I just don’t understand why it wouldn’t default to… like… the pin labeled PEX_RST?

Yeah, I’m unsure either actually. It should be confirmed after I move that resistor with the general PCIe device EEPROM config from framework. If I find the time I might do it in a few hours, and if the board still works, it might be that my initial EEPROM config was just wrong. I’ll update you on that, but I recommend doing the same thing as me and just populating a 0 Ohm resistor between PEX_RST and your device’s RST pin, but also having pads available between SSD1_RST and the device’s RST pin, just in case.

1 Like

I’d certainly be interested to try, but I’d love to be able to check properly before sending off another board. Please do update me - this is a really interesting problem!

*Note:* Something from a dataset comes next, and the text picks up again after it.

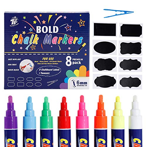 TBC The Best Crafts - Pennarello a gesso liquido, 8 colori fluorescenti, cancellabile a secco, punta reversibile da 6 mm, per lavagna, lavagna, vetro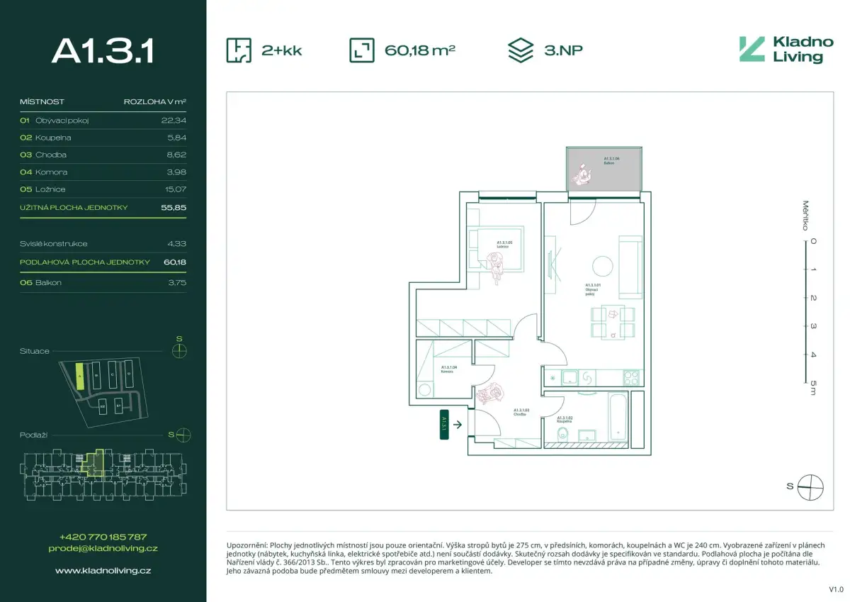 We are offering for sale a modern apartment 2+kt with a floor area of 60,2 sqm and a balcony of 3,8 sqm in the Kladno Living residential project, which is being built in one of the most attractive locations in the city of Kladno – Kročehlavy. This new development project represents a unique opportunity for those looking for new apartments in Kladno or an investment in real estate with high appreciation potential.

According to a post from FW. The EEPROM is read by the EC. If then uses the settings from the EEPROM to configure the Expansion Bay.
One setting says to use the SSD1_RST, another setting says to use the PEX_RST, another setting is for the amount of lanes.
That is how the EEPROM controls how the PCIe interface on the expansion bay works.

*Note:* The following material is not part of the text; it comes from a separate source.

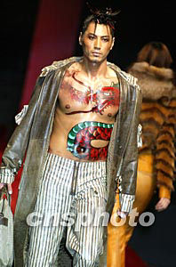 喜得龍.計(jì)文波時裝發(fā)布會二十五日晚在中國國際時裝周上舉行,一名男模特身繪火龍出場,寓意中國時裝品牌發(fā)展的龍馬精神。中新社記者:毛建軍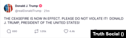 «Перамірʼе цяпер уступіла ў сілу. Калі ласка, не парушайце яго!», — напісаў прэзыдэнт ЗША Дональд Трамп на на сваёй плятформе Truth Social.

Yup, that’s how it should be, so I’m leaning towards my config just being wrong. Although I might need that initial behaviour, since I do want my oculink board to be able to do 4x2 bifurcation using an oculink Y cable by just flashing different data onto the EEPROM. For regular x8 use case, this is odd behaviour tho and thats what caused issues for me too.

Looks like that even with the configuration provided by framework, the issue does not go away. I moved my 0 Ohm resistor back to connect PEX_RST to RST pin on the oculink connector and it would not work no matter what. It starts working immediately after going back to SSD1_RST. Will need to clear this up with framework since it really is such odd behavior.

1 Like

Hmm. @nrp or @catastrophic - any way you could clear this up?

To add to this, as I have already mentioned it while replying to Kieran in the OCuLink thread.

I am not using the EC firmware included with v4.02 BIOS, as I have a patch that applies higher SoC power limits using a 98W charger instead of 100W due to my Caldigit TS4 dock only exposing itself as a 4.9A 20V charger and this then results in the CPU not wanting to go full performance. So I am on the BIOS version right before v4.02 with the EC firmware that is currently in the GitHub repo.

I don’t know if there might have been changes that could affect this between the current repo state and the EC firmware bundled with v4.02, but I did want to mention it if it is relevant.

V0.3 boards have just showed up. I admit I’m not super hopeful, but I guess they’ve got slightly shorter traces? Will update after assembling them.

13 Likes

I’m sorry, that new board is downright adorable.

3 Likes

Hmm. Same old same old assembly issues. I was hoping new solder paste, (chipquik SMDLTLFP10T5), might help with some of the solder spreading, but it doesn’t seem to have made much of an improvement. To people with experience soldering pitches this small, (0.5mm): advice?

Photos below show the connector removed because of bridges and lots of tiny solder balls failing to adhere to the pads.

1 Like

Toaster oven reflow can be effective: The Toaster Oven | EZ Make Oven | Adafruit Learning System

1 Like

Hi,

The temperatures are not getting high enough for the solder. Specifically, the temperature of the pcb pads and the connector pads is not high enough.
The SMDLTLFP10T5 has a datasheet with a reflow profile. Are you following that?
I guess you are up against the plastic connector, with its warping when heated too much.
Do you have the datasheet for the connector? One can then match a solder paste to the connector datasheet.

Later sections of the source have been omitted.